Some expressions have much simpler implementations
StringReplace[#, (StartOfString ~~ Whitespace) | (Whitespace ~~ EndOfString) :> ""] & /@ data0;
is the same as the following, assuming you want to remove all whitespaces from the beginning and end of the string.
StringTrim@data1
Some parts of the code look incorrect
y2019 = Length[StringPosition[data2, "2019"]];
y2018 = Length[StringPosition[data2, "2018"]];
y2017 = Length[StringPosition[data2, "2017"]];
y2016 = Length[StringPosition[data2, "2016"]];
y2015 = Length[StringPosition[data2, "2015"]];
y2014 = Length[StringPosition[data2, "2014"]];
y2013 = Length[StringPosition[data2, "2013"]];
y2012 = Length[StringPosition[data2, "2012"]];
y2011 = Length[StringPosition[data2, "2011"]];
y2010 = Length[StringPosition[data2, "2010"]];
Since data2
is a list of strings, StringPosition
is going to return a list for every string (empty list for no match). The Length
is going to be identical in all cases so this is not going to give the right fiscal year
fiscalyear =
Max[y2019, y2018, y2017, y2016, y2015, y2014, y2013, y2012, y2011, y2010];
Rather than enumerating every year, why not search for a pattern
"20"~~DigitCharacter~~DigitCharacter
Also not clear why the Max
is used to determine fiscal year. StringPosition
is going to return the position in each string, not the position in the entire document.

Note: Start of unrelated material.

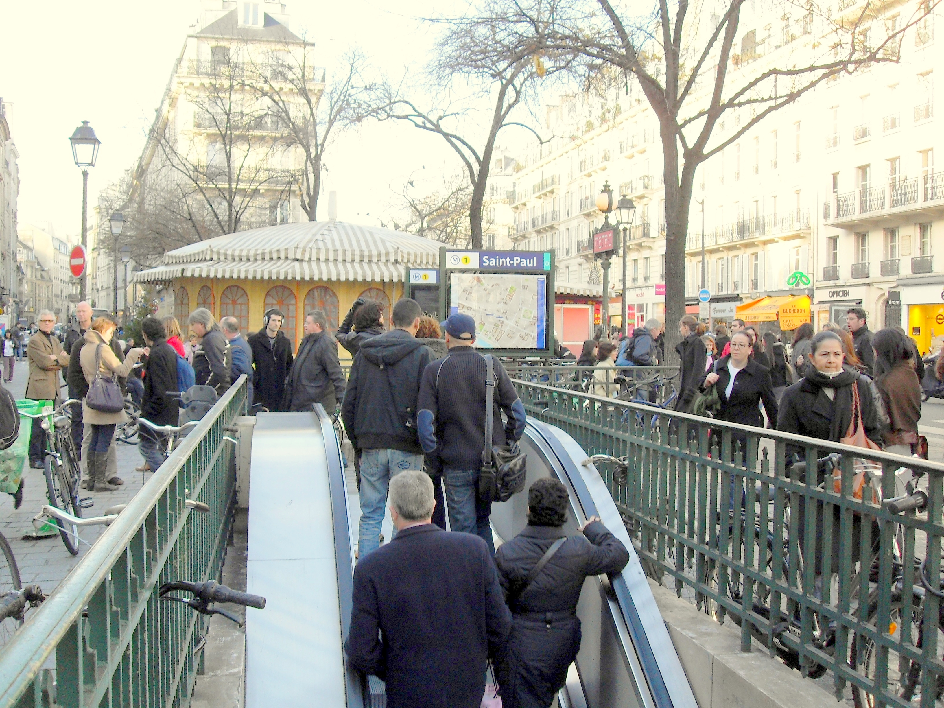 Saint-Paul (Paris Métro).

When the following is evaluated, only a
and b
are defined, so Max
will not evaluate, so If
will not evaluate.
truename =
If[a == Max[a, b, c, d, e, f, g, h, i, j, k],
"name of registrant as specified in its charter)",
If[b == Max[a, b, c, d, e, f, g, h, i, j, k],
"name of registrant as specified in its certificate)"]];
The rest of the code has even more complex logic that looks incorrect and there are no comments in the code.
Anyway, assuming you are able to get your code to work correctly, wrap it in a function that accepts the proxy url and returns the desired result. Here is an example that just returns an association of word and sentence counts.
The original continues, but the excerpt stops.